Hyper-Threading technology allows a single physical core to appear as two logical cores to the operating system. This can boost performance because the operating system can efficiently schedule processes on multiple hardware CPU threads.

If you have two-core CPU and hyper-threading is enabled, the OS will see four logical cores or hardware threads. This is a choice you make based on performance.

Having a one-to-one cardinality between worker process and CPU is a backend choice. This assumes the worker process and requests are CPU-bound which are not necessarily the case. If requests are I/O bound e.g. reading from another backend or database the process spends most of its time doing I/O and not using the CPU. This of course also depends on the protocol used in communication.

Connection Management

The worker processes listen on their configured port, say it’s 80 for HTTP. The act of listening creates a socket and two queues. One is SYN queue and the other is the ACCEPT queue. Both queues are managed by the kernel.

If a client connects to port 80, it attempts to establish a TCP connection with the NGINX server. The client sends the SYN beginging the TCP handshake, the kernel receives the SYN and matches it to NGINX listening socket and puts it on the SYN queue. The kernel then replies back with SYN-ACK to complete the TCP handshake. The client finally responds with the ACK to complete the three-way handshake. We no have a full connection.

Once the connection is complete, the kernel moves the connection to the ACCEPT queue where one of the worker processes picks it up. The worker processes compete for connections on the ACCEPT queue. Was a worker process accepts a connection, a file descriptor is created and now the worker process is responsible for reading data from the connection.

The worker process can pick up the connection in different ways. Sometimes all the worker processes listen on the same port, and the kernel distributes connections between them. Other times the worker processes have the master worker process accept the connection and it can send the request directly to the worker proces. I discuss this more on here.

Once worker processes pick up connections they can start reading data. Next is request processing. of course one worker process can accept and handle many connections simultaneously.

Request Processing

Let’s say two clients are connected to an NGINX load balancer. One client is connected to Worker 3 and the other to Worker 4.

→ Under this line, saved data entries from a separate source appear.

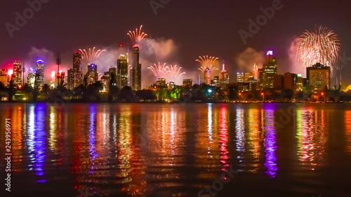 Fototapeta premium Melbourne NYE Fireworks viewed from Albert Park Lake.
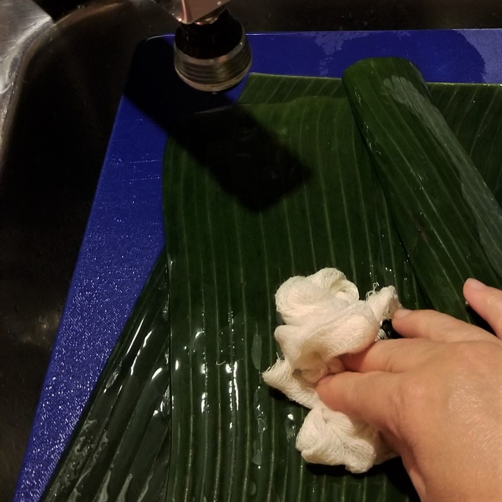 Banana leaves, enough to get 8 pieces, each approximately a 10×10″ (25×25 cm) square
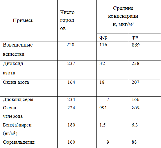 Средние за год (qср) и средние из максимальных концентрации (qм) основных загрязняющих веществ, по объему выбросов в атмосферу являются бенз(а)пирен и формальдегид, полученные по данным регулярных наблюдений в 2017 г. в городах Российской Федерации, представлены в таблице № 1.
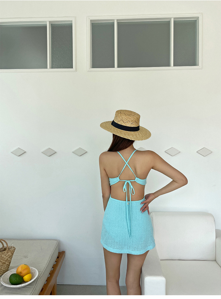 인스 스타일 하이엔드 니트 보수적인 스커트 스타일 스플릿 트라이앵글 퓨어 러브 스몰 프래그런스 수영복 여성 온천 수영복스토어 가기

Client connections live in NGINX workers

The client on worker 3 sends an HTTP request to fetch an HTML page This is what happens:

  1. The request is transmitted as a stream of bytes on the TCP connection
  2. The bytes stream arrives at the kernel’s buffer for connection
  3. Worker3 calls read on the connection
  4. The data is copied to Worker 3’s memory.
  5. Worker 3 parsers the data and understands its an HTTP request
  6. Worker 3 processes the request and reads from disk to fetch HTML
  7. Worker 3 writes back a HTTP response to the connection
  8. The response byte stream goes to the send buffer
  9. Kernel sends the data to the client

Note that the kernel never pushes data to the worker processes. Instead, the kernel keeps the data in the receive buffer and tell the worker processes that it has data for it to read.

Depending on the HTTP version and whether TLS is enabled or not, more work is done by the Worker process to decrypt the data and then parses the protocol. HTTP/2 and 3 are more expensive to parse than HTTP/1.1. This is where pinning a process to a CPU really matters. Having too many processes causes context switches (processes swapped in and out of the CPU) and may slow down performance.

We can follow the same steps for client connected to Worker 4. The only difference is Worker 4 will establish a new connection to the configured backend to forward the request to. Backend connection pooling is critical to get right here. In fact this is one reason why Cloudflare moved away from NGINX, the backend connection pool could not be easily shared between multiple worker processes.

Conclusion

NGINX is a powerful web server, load balancer and caching layer. The multiple worker architecture allows NGINX to distribute connections and requests across multiple CPUs for more efficient use of resources. This is just an overview of internal architecture of NGINX, there is so much more to NGINX.